MySQL Partitioning for Large Datasets

Introduction

In this lab, you will learn how to implement MySQL partitioning for large datasets to improve query performance and data management. The lab focuses on partitioning a table by range, specifically using the sale_date column of a sales table.

You will begin by connecting to the MySQL server and creating a sales_data database. Then, you'll create the sales table, partitioning it by the year of the sale_date into partitions for 2020, 2021, 2022, 2023, and a future partition.

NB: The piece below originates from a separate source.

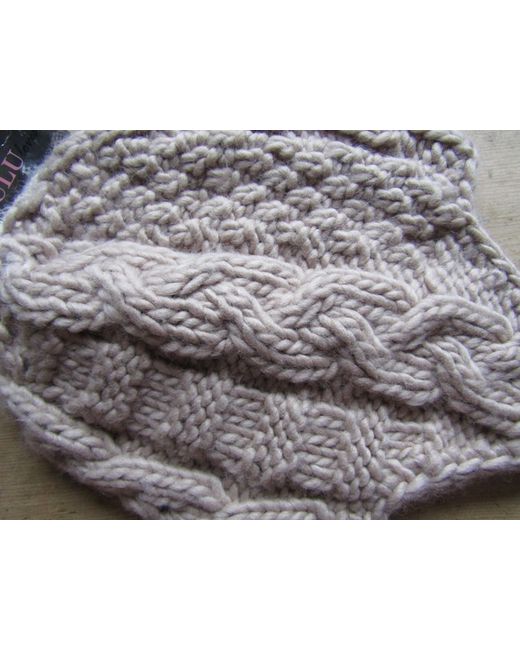 Soft beige chunky acrylic knit, chunky pattern to knit, flaps to ears with plaited tasselled ties to ends. Measures = 9" Length (top of hat to base), 10" Width (across bottom unstretched)

Subsequent steps will cover querying data from specific partitions, reorganizing partitions using ALTER TABLE, and checking the impact of partitioning on query speed.

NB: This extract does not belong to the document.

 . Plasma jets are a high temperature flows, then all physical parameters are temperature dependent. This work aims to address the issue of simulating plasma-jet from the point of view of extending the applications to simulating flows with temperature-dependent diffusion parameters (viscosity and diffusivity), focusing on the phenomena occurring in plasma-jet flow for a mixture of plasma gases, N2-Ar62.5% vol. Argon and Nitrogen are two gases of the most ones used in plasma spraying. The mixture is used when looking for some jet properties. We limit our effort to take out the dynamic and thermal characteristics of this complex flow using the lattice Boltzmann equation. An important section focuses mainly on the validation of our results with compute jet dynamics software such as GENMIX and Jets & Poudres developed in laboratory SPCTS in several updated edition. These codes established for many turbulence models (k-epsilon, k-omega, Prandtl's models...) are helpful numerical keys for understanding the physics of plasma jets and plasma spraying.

Note: For this lab, you only need to enter the MySQL shell once at the beginning and exit at the end. All SQL commands in the following steps should be executed within the same MySQL session.

Create a Partitioned Table

In this step, we will create a database and a partitioned table in MySQL. Partitioning helps in managing large datasets by dividing a table into smaller, more manageable parts based on a specified rule. This can significantly improve query performance, especially for queries that filter data based on the partitioning key.

First, open a terminal in the LabEx VM. You should already be in the ~/project directory.

Connect to the MySQL server as the root user (do this only once at the start of the lab):

sudo mysql -u root

You are now in the MySQL shell. All subsequent SQL commands should be run in this session until you finish the lab.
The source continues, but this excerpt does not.